Protective Equipment and Engineering Controls
USP 800 sets specific standards for personal protective equipment based on the task being performed and the drug category involved. Chemotherapy-rated gloves, protective gowns, eye and face protection, and respiratory protection are all addressed. The chapter specifies that protective gloves used for hazardous drug handling must be tested for permeability against chemotherapy agents, and double gloving is standard practice during compounding.
Beyond what workers wear, USP 800 also addresses the physical environment. Hazardous drug compounding areas require specific engineering controls, including negative-pressure rooms that prevent contaminated air from escaping into surrounding spaces. Sterile compounding of antineoplastic drugs must take place in a containment primary engineering control, such as a biological safety cabinet or a compounding aseptic containment isolator, placed inside a negative-pressure room with appropriate air changes per hour.
Decontamination and Cleaning Standards
Surfaces that come into contact with hazardous drugs require a multi-step cleaning process that goes well beyond a standard wipe-down. USP 800 outlines three steps for non-sterile work areas and adds a fourth for sterile environments.
- Deactivation renders any lingering hazardous drug inactive or chemically inert on the surface.
- Decontamination neutralizes and physically removes the drug residue by transferring it to disposable absorbent material.

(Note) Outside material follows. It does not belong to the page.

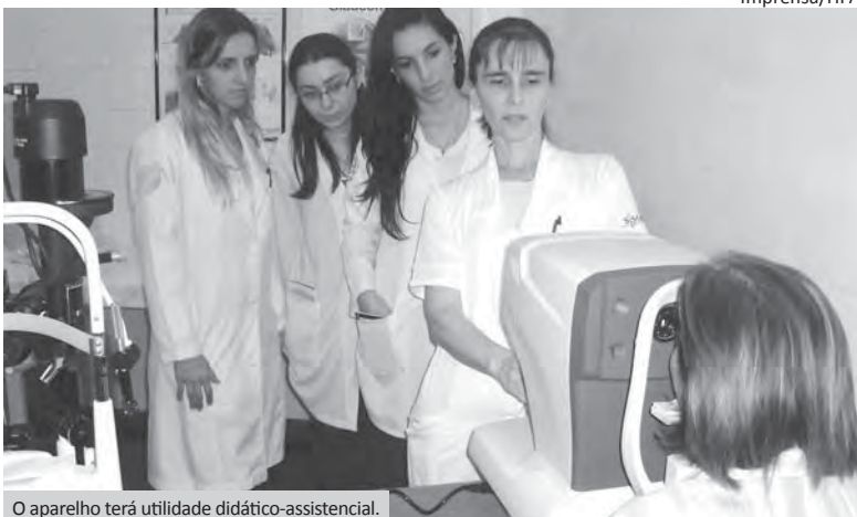
O aparelho terá utilidade didático-assistencial.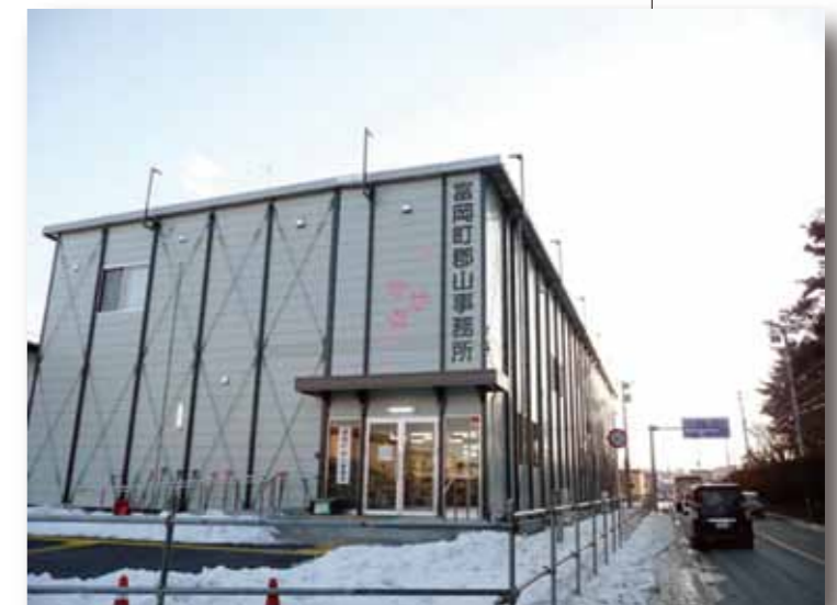
富岡町郡山事務所

- Cleaning removes remaining residue and other contaminants using germicidal detergents, surfactants, and water.
- Disinfection destroys microbial growth and is required only for surfaces used in sterile hazardous drug work.
These steps must be performed in order, and each serves a distinct purpose. Skipping deactivation and jumping straight to cleaning, for instance, could leave chemically active drug residue on a surface where workers will continue to prepare medications.

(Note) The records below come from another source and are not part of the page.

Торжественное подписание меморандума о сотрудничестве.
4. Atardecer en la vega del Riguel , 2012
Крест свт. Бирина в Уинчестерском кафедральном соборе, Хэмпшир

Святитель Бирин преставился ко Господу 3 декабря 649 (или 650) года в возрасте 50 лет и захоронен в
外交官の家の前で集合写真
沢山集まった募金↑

Medical Surveillance and Training
USP 800 expects facilities to establish a medical surveillance program for employees who handle hazardous drugs. This includes baseline health assessments, ongoing monitoring, and a formal process for employees who raise concerns about reproductive health or other adverse effects from exposure. OSHA guidance recommends that when an employee expresses concern about potential harm, the facility should conduct a site visit to verify that all safety systems are working, review work practices, and engage in an interactive process to identify reasonable accommodations for work location, duration, and responsibilities. Employees in these situations should be reassigned with pay retention.

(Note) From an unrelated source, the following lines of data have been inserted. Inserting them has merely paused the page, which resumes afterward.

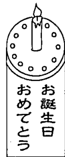
お誕生日 おめでとう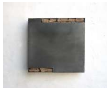
TRESOR 2009 49 x 48 x 10 cm Privatbesitz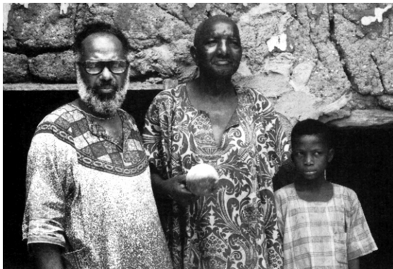
Em uma de suas viagens à África - Nigéria, 1976

que se abateu sobre milhões de homens e mulheres nascidos livres na África e trazidos à força para serem escravizados no Brasil. No pós-abolição, com deveres, mas sem direitos, o povo negro se reunia em associações comunitárias, entidades recreativas, jornais independentes, irmandades religiosas católicas e terreiros religiosos com matriz africana e essas novas formas de organização contribuíram decisivamente para a reconstrução no país de diversificadas identidades, que reafirmaram valores e acumularam forças na luta contra o racismo, já institucionalizado em toda a sociedade brasileira.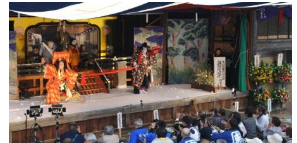
歌舞伎公演の様子 (東町)

Training is another cornerstone. Every person who handles hazardous drugs must receive education on the risks involved, the proper use of protective equipment, spill management, and the specific procedures their facility has adopted. This training extends beyond pharmacy staff to include nurses who administer the drugs, physicians who prescribe them, and support personnel involved in transport or waste disposal. Competency must be documented, and the designated supervisor is accountable for ensuring it stays current.
When USP 800 Took Effect
USP 800 became officially effective on December 1, 2019. Its enforcement, however, varies by state. USP itself sets the standard but plays no role in enforcement. State boards of pharmacy and other regulators make their own determinations about whether and how to enforce USP 800 within their jurisdictions. Some states adopted it immediately, others incorporated it into existing regulations over time, and a few have yet to formally mandate compliance. Regardless of enforcement status, USP 800 represents the nationally recognized benchmark for safe hazardous drug handling, and accreditation bodies and insurers increasingly expect facilities to meet its standards.